### Exercise aim
In the entries that follow, the lines from the line containing "Sfera luminosa in" up to and including the line containing "HP Smart Tank" must be copied exactly, with pictures omitted.

### Dataset extract
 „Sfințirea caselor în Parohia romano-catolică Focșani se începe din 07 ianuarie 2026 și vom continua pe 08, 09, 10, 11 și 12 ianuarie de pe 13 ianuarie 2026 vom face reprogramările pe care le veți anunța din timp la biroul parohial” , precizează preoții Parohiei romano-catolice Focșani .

---

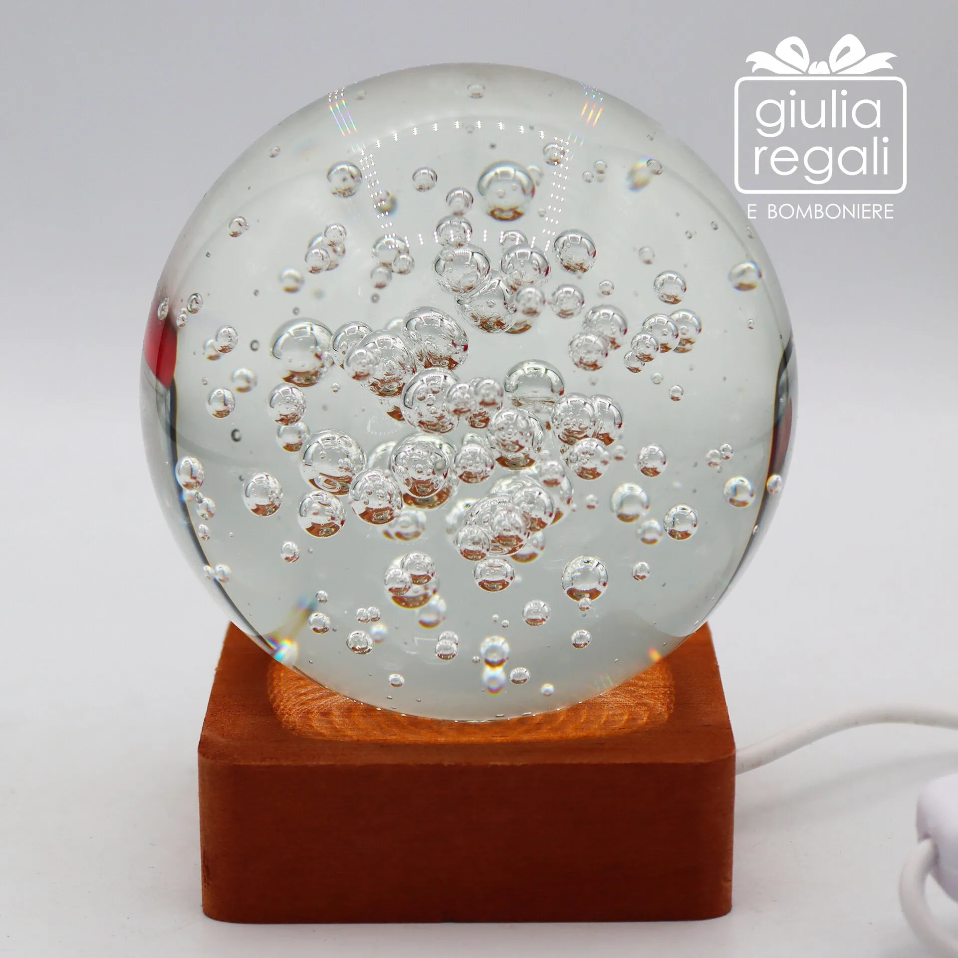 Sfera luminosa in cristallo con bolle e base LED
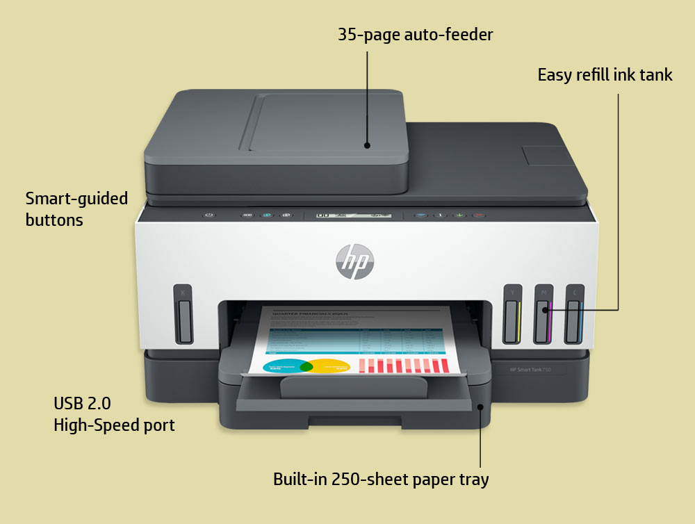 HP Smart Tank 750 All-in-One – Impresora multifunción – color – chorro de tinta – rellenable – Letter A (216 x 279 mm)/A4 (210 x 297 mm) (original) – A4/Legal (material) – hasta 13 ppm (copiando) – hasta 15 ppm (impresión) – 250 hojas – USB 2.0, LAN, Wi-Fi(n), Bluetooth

### Solved problem
 Sfera luminosa in cristallo con bolle e base LED
 HP Smart Tank 750 All-in-One – Impresora multifunción – color – chorro de tinta – rellenable – Letter A (216 x 279 mm)/A4 (210 x 297 mm) (original) – A4/Legal (material) – hasta 13 ppm (copiando) – hasta 15 ppm (impresión) – 250 hojas – USB 2.0, LAN, Wi-Fi(n), Bluetooth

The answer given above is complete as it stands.